Sample Finance Paper on Advanced Accounting

In his article the “Reporting Entity and Consolidated Financial Statements”, Abir, Md.
Zaber Tauhid defines financial accounting as a combination of financial statement from the
mother company and its branches. Financial statements help in measuring the overall status of
the entire group of companies. Consolidate financial statement give better results of the financial
status of individual reports of related companies.
Consolidated financial accounts are prepared to be used by creditors, investors and
resource providers of the mother company. The reports have the following benefits. First, they
give a broad picture. Investors do not have to analyze different financial reports in order to know
the overall performance of the company. Secondly, consolidating financial statements helps in
proper balancing of the mother company and the subsidiaries. Poor performance in one company
is balanced with positive performance of other companies. Thirdly, consolidating financial
accounts helps in exclusion of company sectors that are not appealing. This acts as an advantage
because the investors are kept away from negative conditions that are temporary.
Further, consolidating financial statements helps in simplifying organization’s results.
The sales and purchases in different subsidiaries of the company are canceled thus simplifying
the financial status. These financial statements are also compulsory requirements by most
governments since they are required to give accurate status of the mother company. The seventh
benefit of consolidating financial reports is that it creates efficiency in an organization. Investors
can use the single report to determine the financial status of the entire chain of companies.
Lastly, consolidating financial reports helps in preventing fraud by exposing the
underperforming divisions and product lines.

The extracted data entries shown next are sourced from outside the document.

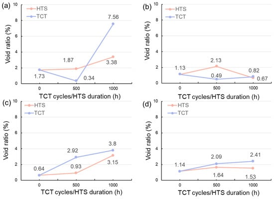 The void ratios in the sintered joints after HTS and TCTs are shown in Figure 12. It can be seen that the void ratio in the 50%-Cu-fraction joints significantly decreased (1.73 to 0.64%) as the sintering time was prolonged from 5 to 10 min (Figure 12a,c). However, the void ratio in the 40%-Cu-fraction joints did not obviously change with the sintering time (Figure 12b,d). Regarding the joints fabricated from the powders with a 50% fraction of Cu, the void ratio generally increased with increased HTS duration and thermal cycling cycles (Figure 12a,c). However, no obvious changes in the void ratios of the 40%-Cu-fraction joints were found. The results indicate that the formation of voids in the low-Cu-fraction joints was relatively stable and not affected by the thermal stressing. As aforementioned (Figure 6), some Cu powders remained in the 50%-Cu-fraction joints whereas no Cu powders were found in the 40%-Cu-fraction joints. The changes in the void ratios could be attributed to the presence of the remaining Cu powders subjected to thermal stressing.
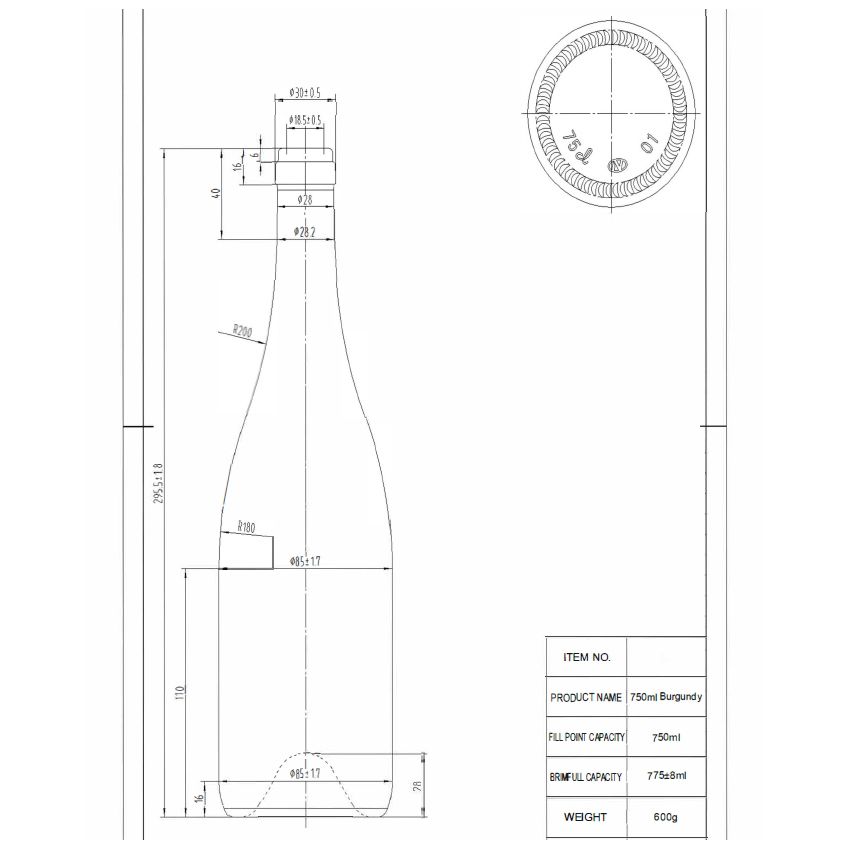- ソーダ石灰ガラス素材: 高い光透過率と耐衝撃性のバランスが食品グレードの安全基準に準拠しており、紫外線によるワインの品質劣化を防ぎます。.
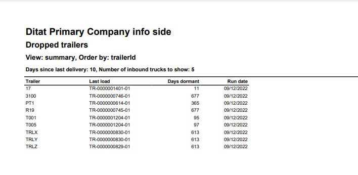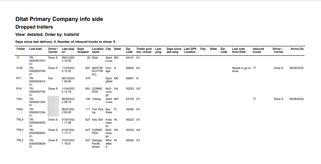 Dropped Trailers Report Default View
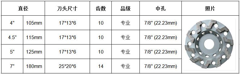 应用:用于混凝土、沥青、花岗岩、大理石等建筑材料的打磨整平。

The article has also discussed the limitations of consolidated financial reports. Lack of
subsidiary information is one of the limitations. Consolidated reports offer limited information
about an organization because several companies are viewed as one. Secondly, financial reports
eliminate important intercompany transactions, which can be used to determine the viable
sections in a company. Thirdly, consolidated financial reports have major loopholes, which are
caused by consolidation of ventures. This allows unscrupulous organizations to hide huge debts
which the organization owns its investors. Further, the consolidated reports hide poor
performance because the revenues and profits of different companies are presented as one report.
The article also outlines various methods of consolidations. The proprietary theory is the
first method of consolidating financial reports. This method does not draw a legal boundary
between the owners and the purpose of consolidation. The main aim of using this method is to
give the owners significant information of the organization. The second theory is parent
company theory, which is more relevant in the modern corporation than proprietor theory. This
theory claims that although the mother company does not own the assets directly, it has power of
exercising control over all assets in the branches. The last approach is the entity theory where
legal entity is separated from the owners. The financial reports are prepared to be used by the
government, and other stakeholders such as investors and service providers. This approach
claims that the activities of the business are separated from the decisions of the owners.
The author concludes by noting that consolidating financial reports helps in simplifying
the evaluation process of an organization. Without this report evaluation of a company for the
purpose of investment would not be effective. This is because consolidated financial statements
give all information regarding the assets in all subsidiaries. Therefore, auditors should ensure
that the consolidated financial reports reflect the true nature of the organization.